Song by Kanye West featuring Roddy Ricch and Shenseea

from the album Donda
- Released: August 29, 2021
- Recorded: May 25 – August 2021
- Length: 5:59
- Label: GOOD; Def Jam;
- Songwriters: Kanye West; Rodrick Wayne Moore, Jr.; Chinsea Lee; Bastian Völkel; Christoph Bauss; Cydel Charles Young; Dexter Mills; Donny Flores; Jahmal Gwin; Leonard Harris; Malik Yusef; Mark Williams; Mike Dean; Orlando Wilder; Raphael Saadiq; Raul Cubina; Simon David Plummer; Tim Friedrich; Tyshane Thompson; Warren Trotter;
- Producers: Kanye West; BoogzDaBeast;

= Pure Souls =

"Pure Souls" is a song by American rapper Kanye West from his tenth studio album, Donda (2021). The song features uncredited vocals from fellow American rapper Roddy Ricch and Jamaican singer Shenseea.

The song peaked at No. 52 on the Billboard Hot 100. It has been certified gold by the Recording Industry Association of America (RIAA), denoting sales of over 500,000 units in the United States.

==Background==
In September 2020, West had a rant on his Twitter account where amongst posting his full recording contract with Universal, he posted a video of him urinating on one of his Grammy awards; captioning the post with "Trust me... I won't stop". Roddy Ricch, who is featured on the track, was nominated for six entries at the 2020 Grammy awards, but left the show empty handed. Roddy Ricch called out West in March 2021, believing that he disrespected the Grammys, saying "How do you think that makes the world look at my accomplishment?". In an interview with Big Boy in June 2021, he stated that he had met up with West and recorded music together and that there was no disrespect towards him. Roddy Ricch references the incident on the song, singing "They said I was mad at the Grammys, but I'm looking at my Grammy right now/Pulled up on Ye and said they don't understand me, I just want my dog to pipe down".

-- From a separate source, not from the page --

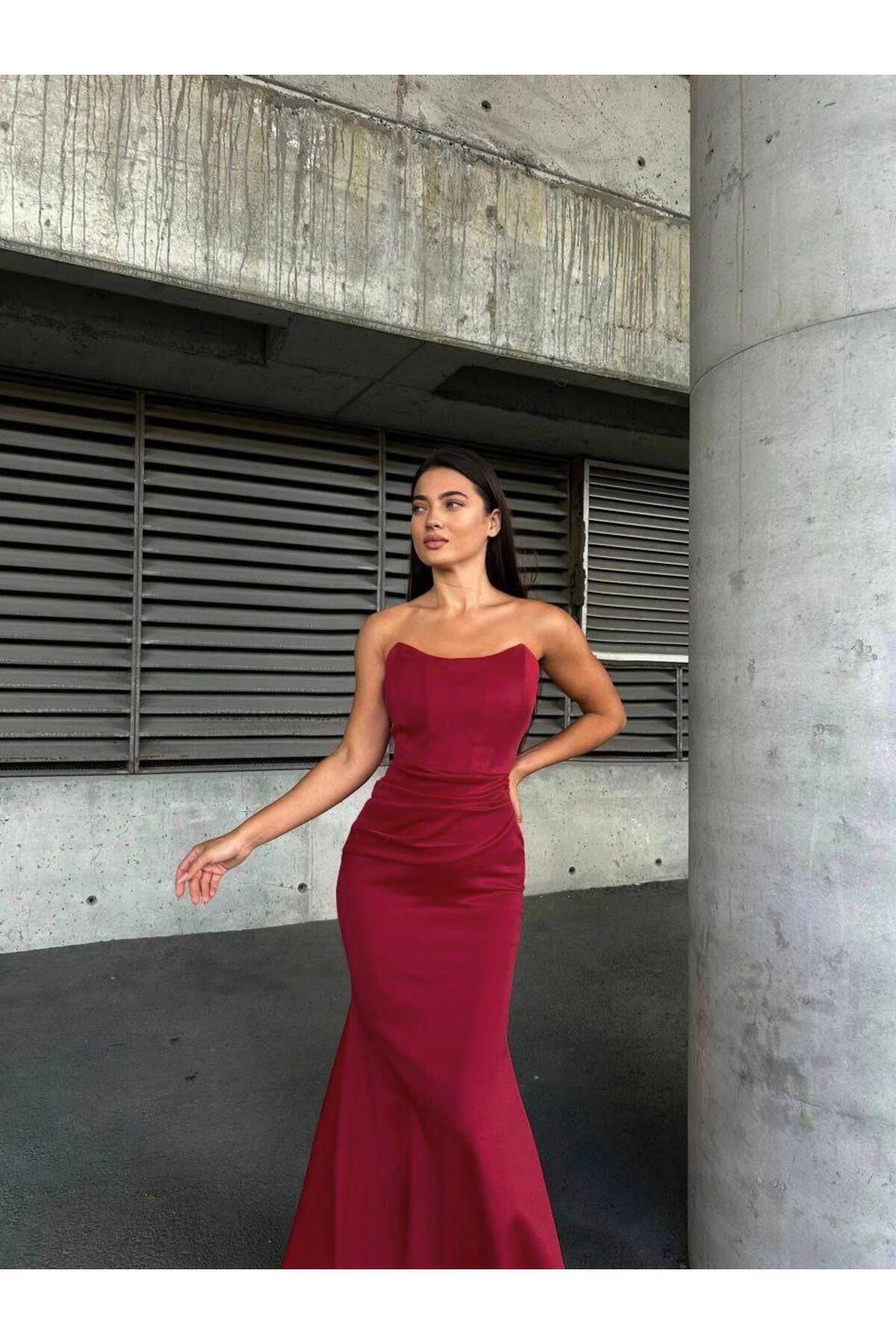Scuba Straplez Uzun Elbise BORDO 583301 Scuba Straplez Uzun Elbise BORDO 583301 XL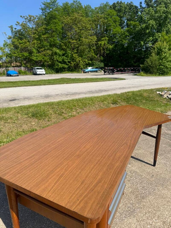 This stunning Mid-Century Modern desk by Stow Davis is a sleek and functional statement piece, showcasing the brand’s signature craftsmanship and design ethos from the 1960s. Featuring rich walnut wood, three deep drawers with distinctive brushed aluminum pulls, and tapered legs with brass-capped feet, this desk combines elegance with utility. The floating drawer design adds a touch of architectural flair, while the generous workspace makes it ideal for both home offices and creative studios. A rare and collectible piece, it brings timeless sophistication to any modern or vintage-inspired interior.

The song was first previewed during a listening party at Mercedes-Benz Stadium on July 22, 2021. At the August 5 listening party, West changed part of his verse, removing lines that alluded to his relationship with Barack Obama such as "44 telling me I'm still not folks". At the August 26 listening party at Soldier Field, West added Jamaican singer Shenseea to the track. The collaboration came about after he had watched her freestyle at Hot 97 with Funkmaster Flex, which was uploaded on July 28, 2021. At the listening event, Shenseea joined West on the stairs of his remade childhood home along with artists such as Travis Scott, Marilyn Manson and DaBaby.

== Personnel ==
Credits adapted from Tidal.
- Co-production - Bastian Völkel, Mike Dean, Ojivolta, Shuko, Sucuki
- Additional production - Fya Man
- Mixing and mastering - Irko
- Record engineering - Alejandro Rodriguez-Dawsøn, Chris Connors, Josh Berg, Mikalai Skrobat, Patrick Hundley, Roark Bailey, Will Chason
- Vocal editing - Chris Connors, Louis Bell

==Charts==

===Weekly charts===

Chart performance for "Pure Souls"
| Chart (2021) | Peak position |
|---|---|
| Australia (ARIA) | 37 |
| Canada Hot 100 (Billboard) | 46 |
| Global 200 (Billboard) | 45 |
| Lithuania (AGATA) | 80 |
| Portugal (AFP) | 96 |
| South Africa (TOSAC) | 26 |
| Sweden (Sverigetopplistan) | 83 |
| UK Hip Hop/R&B (Official Charts) | 14 |
| US Billboard Hot 100 | 52 |
| US Hot Christian Songs (Billboard) | 12 |
| US Gospel Songs (Billboard) | 10 |
| US Hot R&B/Hip-Hop Songs (Billboard) | 25 |

===Year-end charts===

2021 year-end chart performance for "Pure Souls"
| Chart (2021) | Position |
|---|---|
| US Christian Songs (Billboard) | 47 |
| US Gospel Songs (Billboard) | 14 |

== Certifications ==

Certifications and sales for Pure Souls
| Region | Certification | Certified units/sales |
| United States (RIAA) | Gold | 500,000^{‡} |
^{‡} Sales+streaming figures based on certification alone.